Problem to solve:
Starting at the first line of the entries below, please return exactly each line up to and including the one with "银河集团智能总裁龙飞为陈小华区长介绍公司产品"; pictures stay out.

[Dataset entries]
___

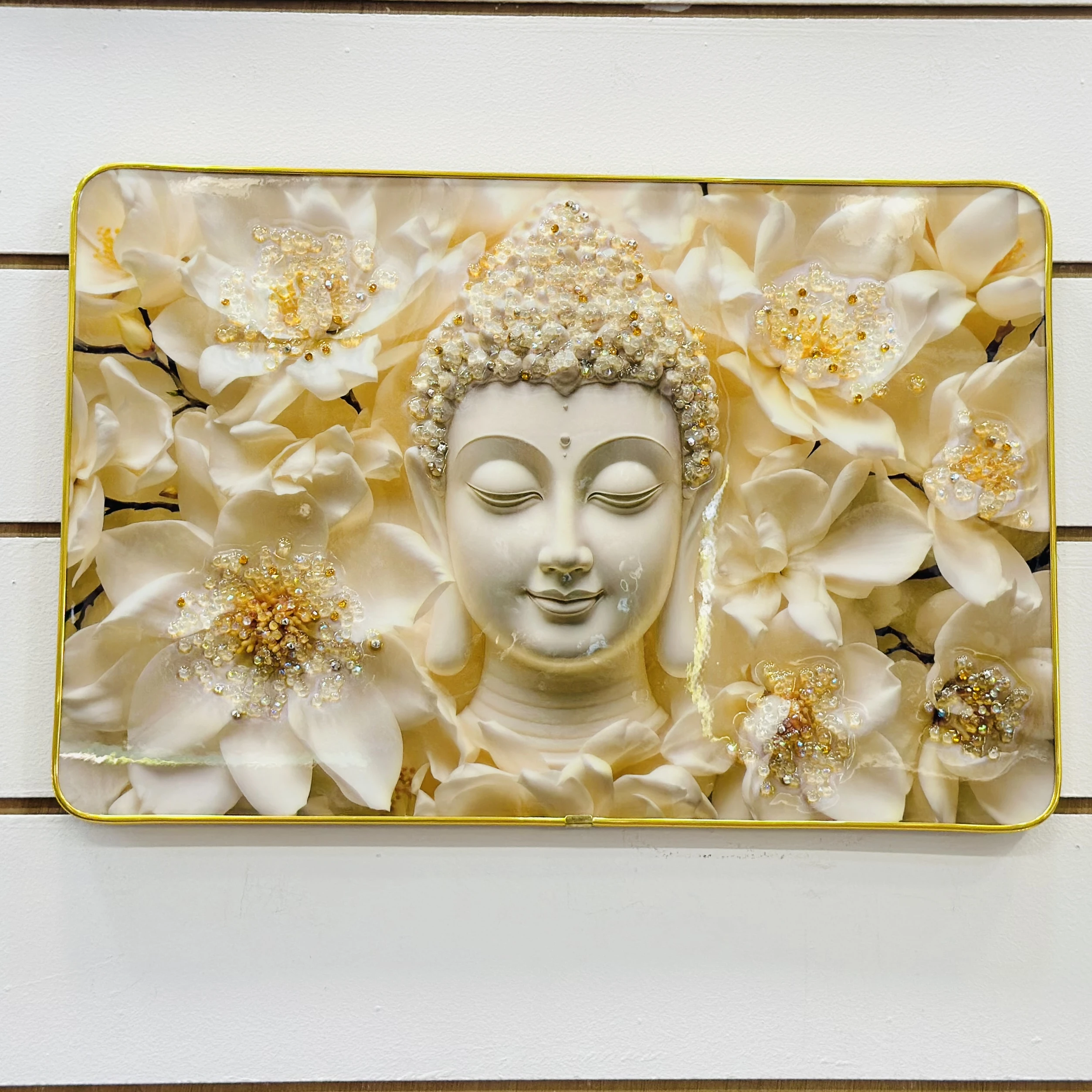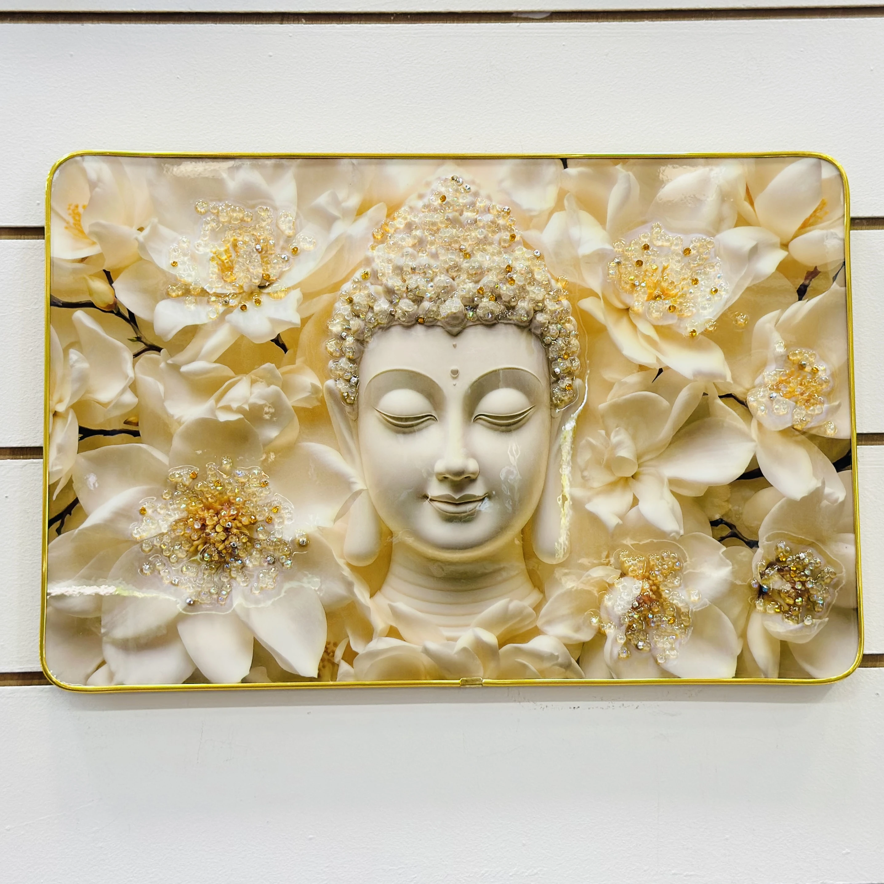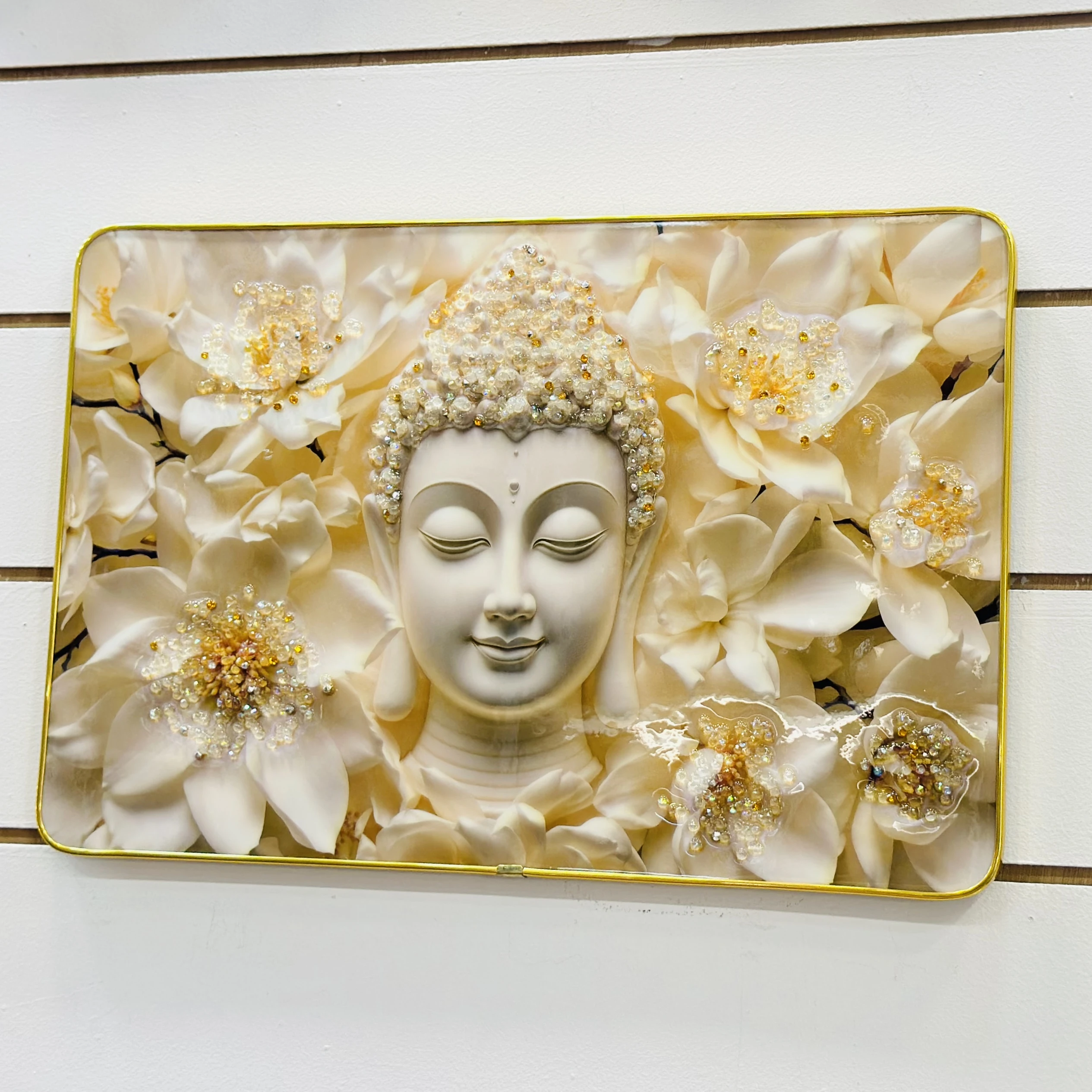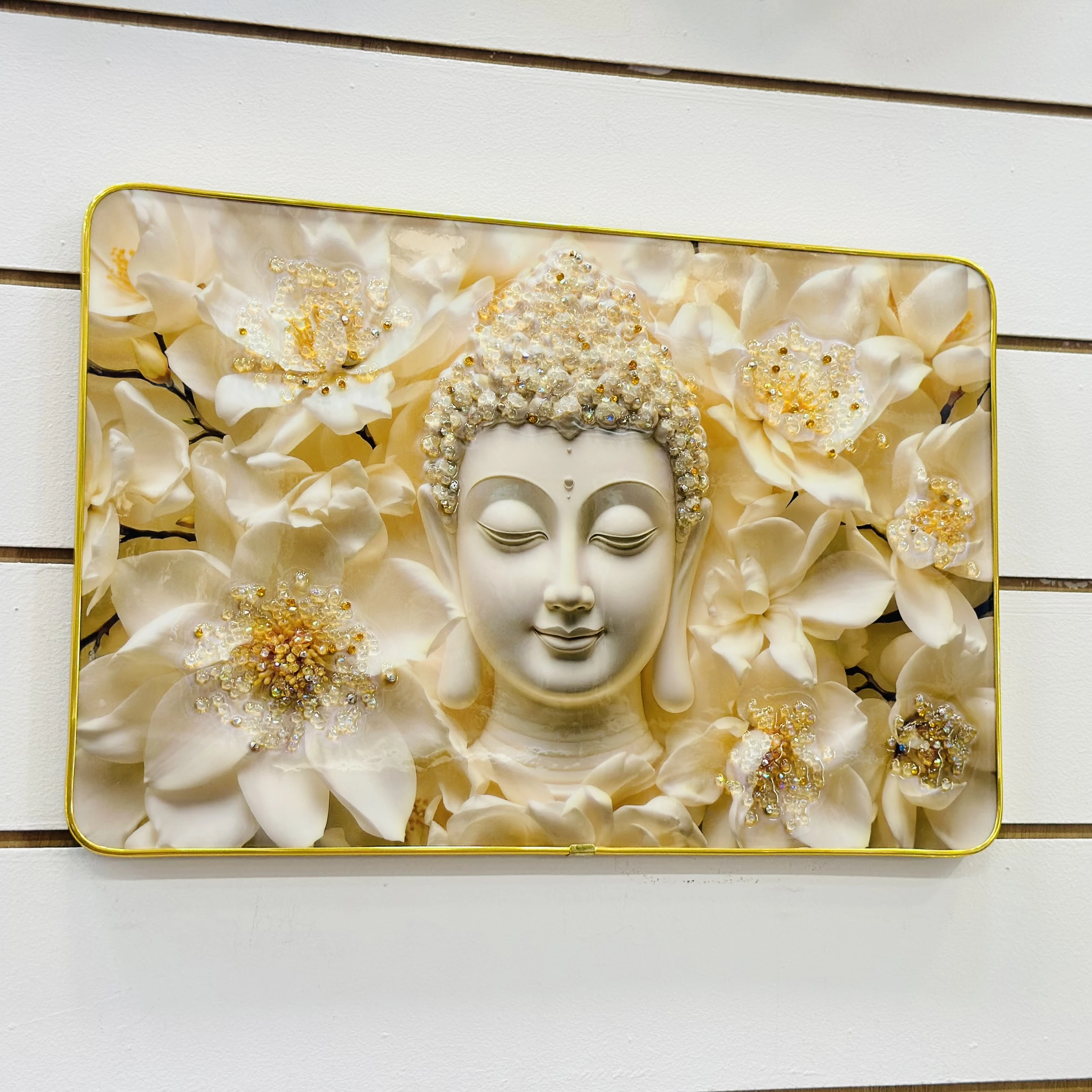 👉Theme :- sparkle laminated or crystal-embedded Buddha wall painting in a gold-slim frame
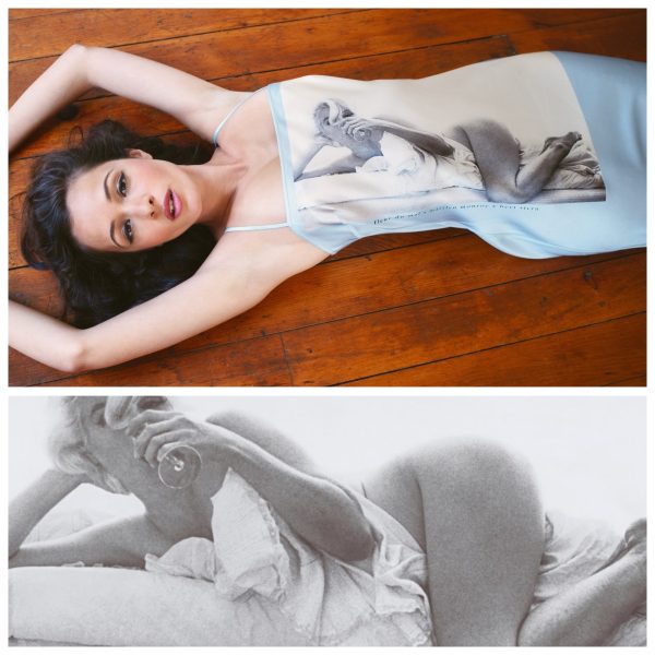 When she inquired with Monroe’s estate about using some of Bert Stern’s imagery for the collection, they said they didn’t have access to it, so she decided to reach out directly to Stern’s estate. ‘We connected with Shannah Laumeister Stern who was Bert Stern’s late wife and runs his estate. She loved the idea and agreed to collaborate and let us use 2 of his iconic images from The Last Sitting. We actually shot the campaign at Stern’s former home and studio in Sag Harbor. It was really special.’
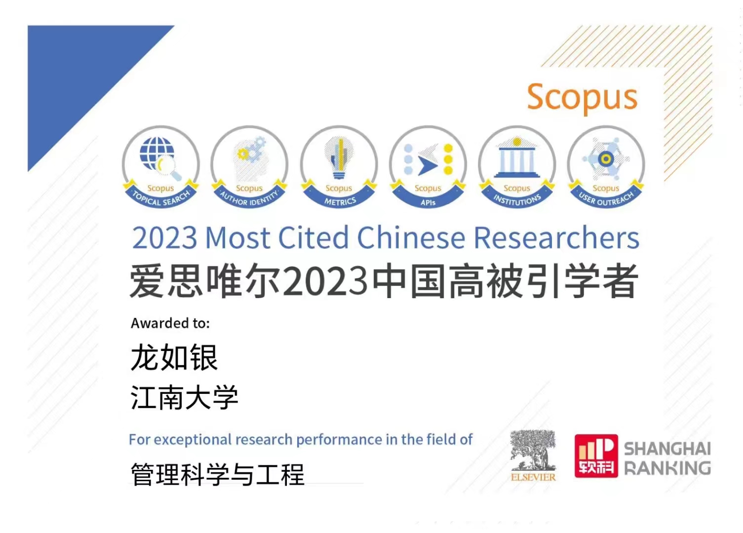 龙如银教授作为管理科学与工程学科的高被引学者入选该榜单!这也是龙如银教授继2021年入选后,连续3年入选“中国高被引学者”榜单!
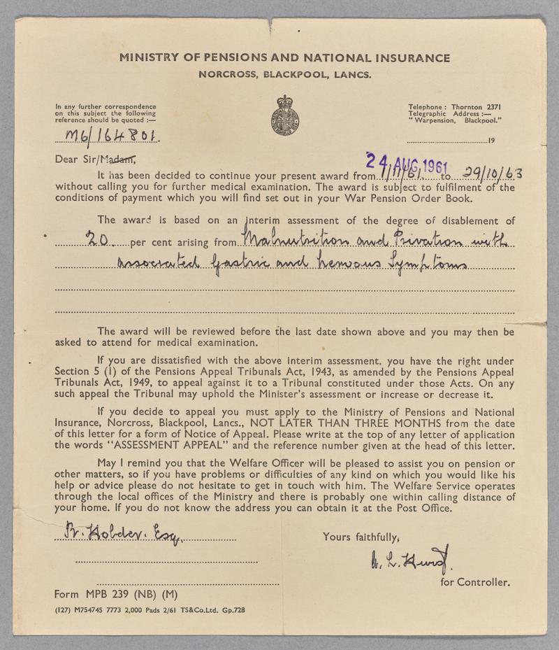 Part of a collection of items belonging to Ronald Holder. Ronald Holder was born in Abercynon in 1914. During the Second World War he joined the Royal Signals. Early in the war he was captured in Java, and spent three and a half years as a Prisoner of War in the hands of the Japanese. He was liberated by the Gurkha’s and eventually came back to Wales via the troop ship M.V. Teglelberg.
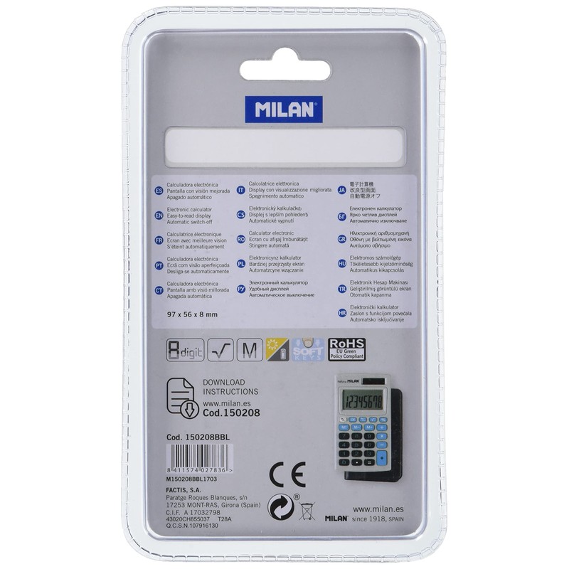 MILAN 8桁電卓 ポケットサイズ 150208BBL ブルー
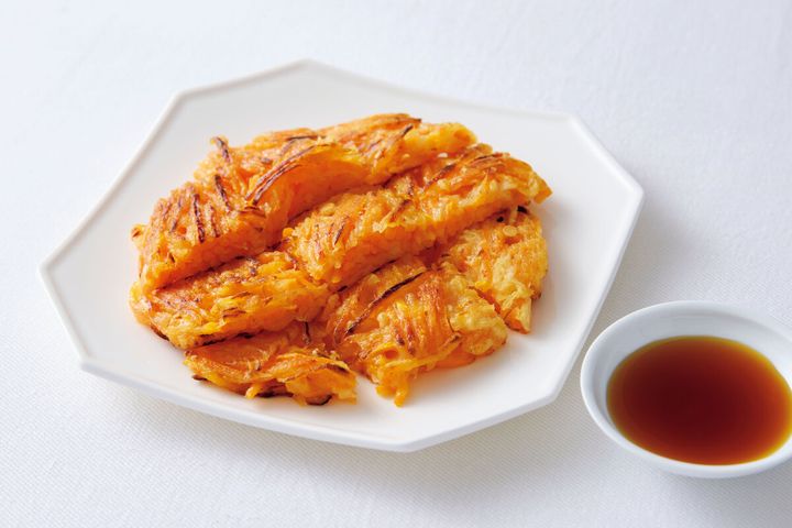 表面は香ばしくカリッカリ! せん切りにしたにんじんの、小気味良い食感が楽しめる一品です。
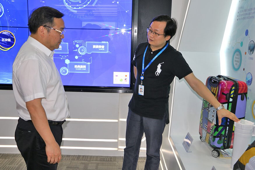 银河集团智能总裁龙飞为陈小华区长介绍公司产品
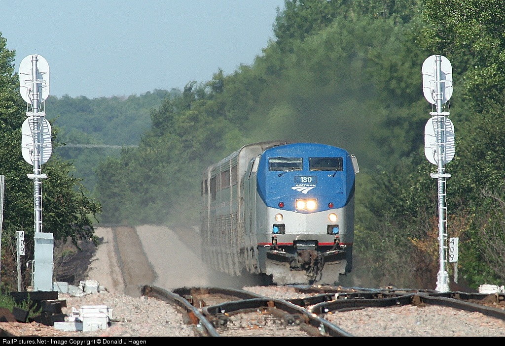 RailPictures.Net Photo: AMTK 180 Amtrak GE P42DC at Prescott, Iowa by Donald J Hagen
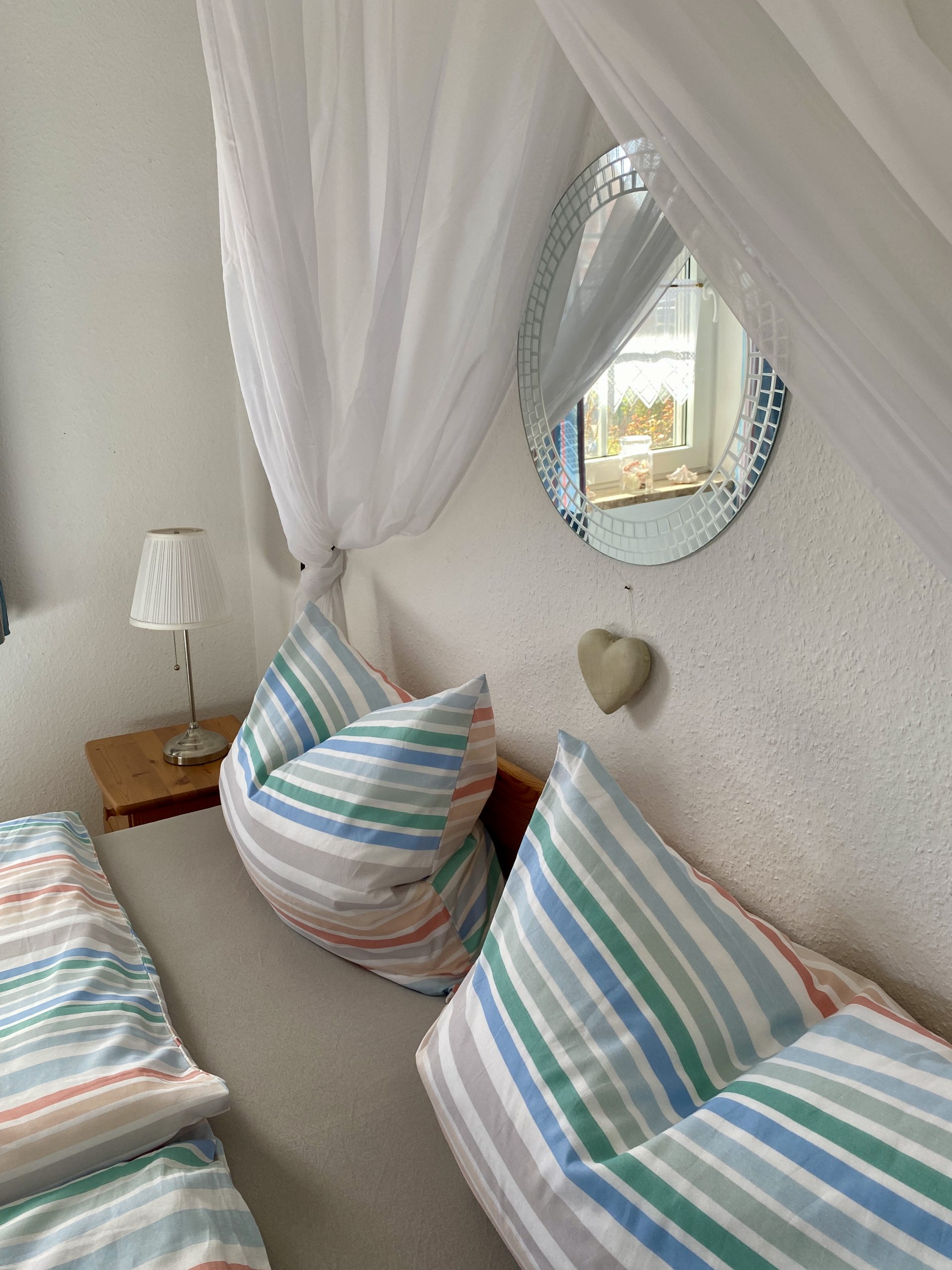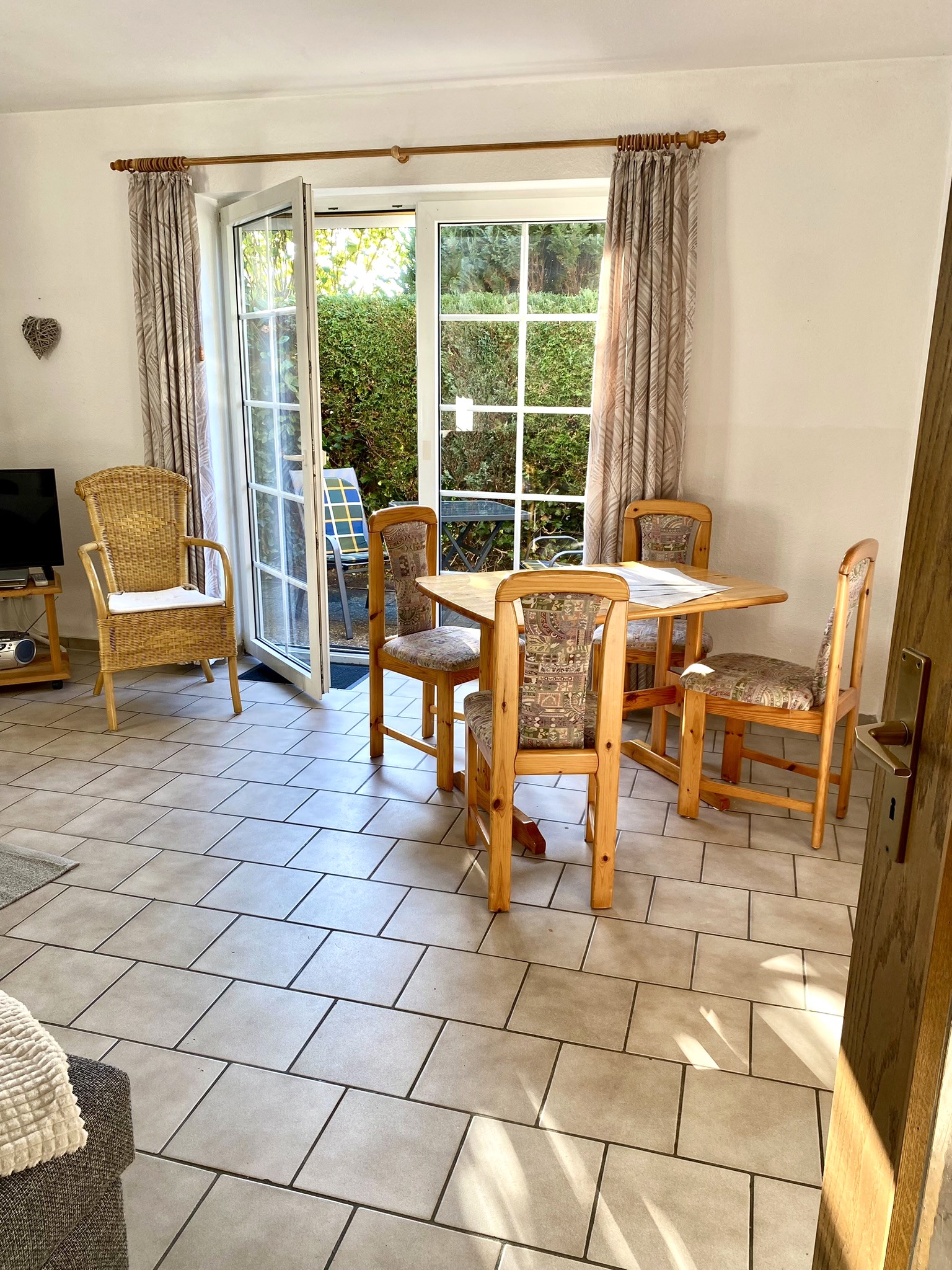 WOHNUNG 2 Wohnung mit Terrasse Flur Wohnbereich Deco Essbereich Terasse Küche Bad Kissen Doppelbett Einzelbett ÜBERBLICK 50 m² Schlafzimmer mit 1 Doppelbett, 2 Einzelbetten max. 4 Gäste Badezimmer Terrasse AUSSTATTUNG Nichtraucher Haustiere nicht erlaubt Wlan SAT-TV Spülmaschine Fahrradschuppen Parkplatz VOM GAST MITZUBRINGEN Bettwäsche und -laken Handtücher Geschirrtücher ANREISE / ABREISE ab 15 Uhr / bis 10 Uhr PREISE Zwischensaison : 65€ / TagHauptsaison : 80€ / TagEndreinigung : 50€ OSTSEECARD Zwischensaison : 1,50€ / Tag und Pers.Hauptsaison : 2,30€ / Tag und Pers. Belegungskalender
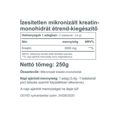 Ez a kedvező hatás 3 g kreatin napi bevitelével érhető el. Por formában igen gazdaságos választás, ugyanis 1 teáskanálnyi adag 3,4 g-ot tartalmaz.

___

Solution below:
 👉Theme :- sparkle laminated or crystal-embedded Buddha wall painting in a gold-slim frame
 When she inquired with Monroe’s estate about using some of Bert Stern’s imagery for the collection, they said they didn’t have access to it, so she decided to reach out directly to Stern’s estate. ‘We connected with Shannah Laumeister Stern who was Bert Stern’s late wife and runs his estate. She loved the idea and agreed to collaborate and let us use 2 of his iconic images from The Last Sitting. We actually shot the campaign at Stern’s former home and studio in Sag Harbor. It was really special.’
 龙如银教授作为管理科学与工程学科的高被引学者入选该榜单!这也是龙如银教授继2021年入选后,连续3年入选“中国高被引学者”榜单!
 Part of a collection of items belonging to Ronald Holder. Ronald Holder was born in Abercynon in 1914. During the Second World War he joined the Royal Signals. Early in the war he was captured in Java, and spent three and a half years as a Prisoner of War in the hands of the Japanese. He was liberated by the Gurkha’s and eventually came back to Wales via the troop ship M.V. Teglelberg.
 MILAN 8桁電卓 ポケットサイズ 150208BBL ブルー
 表面は香ばしくカリッカリ! せん切りにしたにんじんの、小気味良い食感が楽しめる一品です。
 银河集团智能总裁龙飞为陈小华区长介绍公司产品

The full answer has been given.